The attack on Pearl Harbor 71 years ago left a tangled mess of burning and shattered warships. But in 'one of history's greatest salvage jobs,' many of the sunken ships rose to fight the Axis.
Washington
The attack on Pearl Harbor was a shocking defeat for the United States military. Japanese aircraft left a wrecking yard of burning and shattered warships in their wake. It’s a story every US school child still learns today.
But it’s not the whole story. Even as the smoke cleared the US Navy was hard at work untangling the mess and salvaging the fleet. Many of the sunken warships rose again to fight the Axis. Only three were damaged beyond repair.
“The salvage and restoration of those ships is a saga of expertise, tenacity, hard work, and invincible optimism,” wrote University of Maryland historian Gordon Prange in his classic history of Pearl Harbor, “At Dawn We Slept.”
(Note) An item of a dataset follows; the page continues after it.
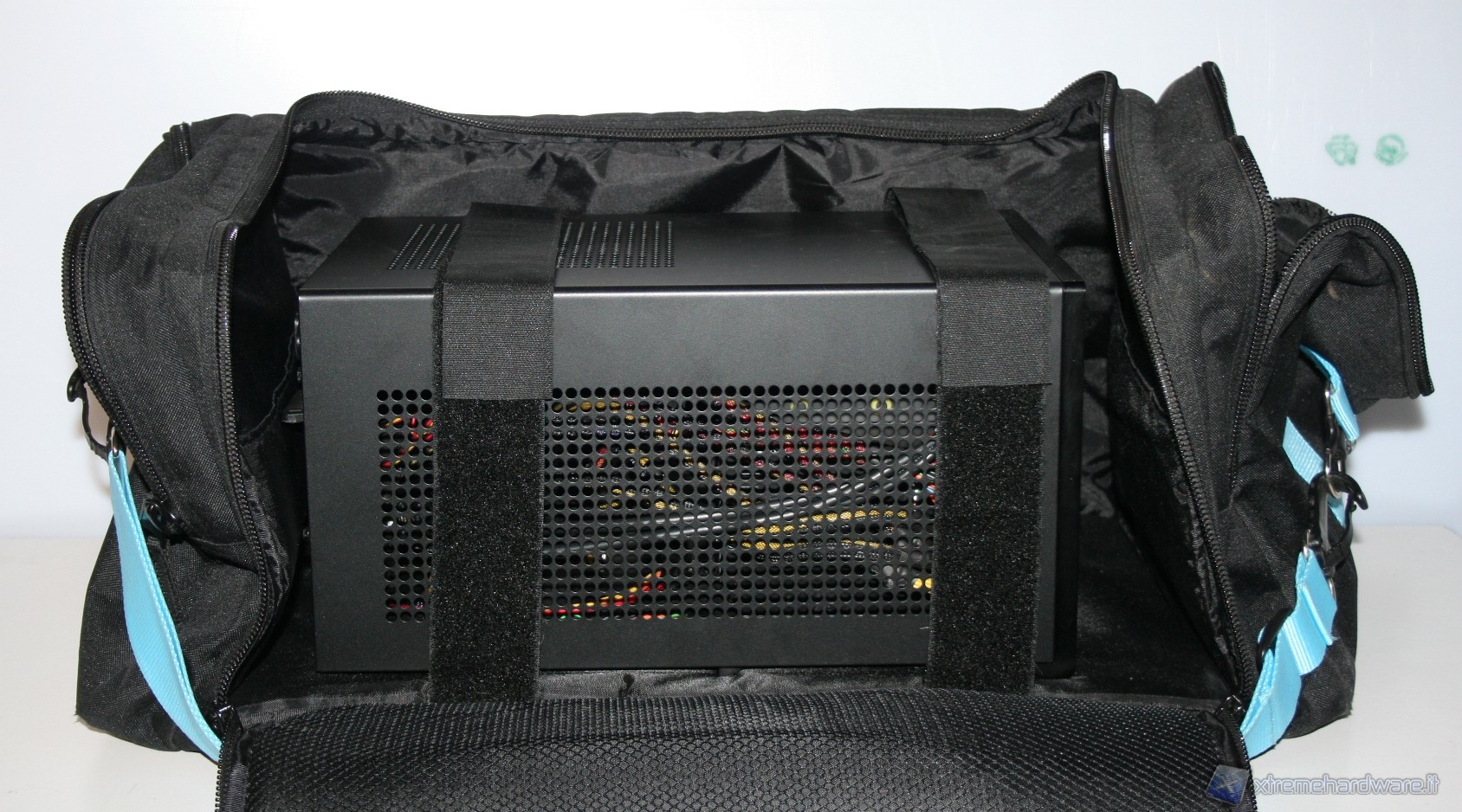 Ma cosa significa allora in realtà? Significa portabilità e potenza, quindi? LAN-PARTY! Allo scopo della recensione abbiamo provato per voi anche la Silverstone “SUGO BAG” (al cui interno come vedete è posizionato il case di questa recensione), ovvero una borsa creata ad hoc, per alloggiare all’interno il vostro cabinet dell’omonima serie. Una borsa eccellente sotto ogni punto di vista, perfetta anche per altri scopi, ad esempio la palestra oppure viaggi di breve o media durata.

When the waves of Japanese torpedo planes and aerial bombers swept over the US Hawaiian naval base their primary targets were seven battleships berthed alongside quays in Pearl Harbor proper and the Pacific fleet flagship USS Pennsylvania, which was in dry dock at the time.
Five of these battleships were sunk outright. That does not mean they were all blown apart by a rain of Japanese munitions.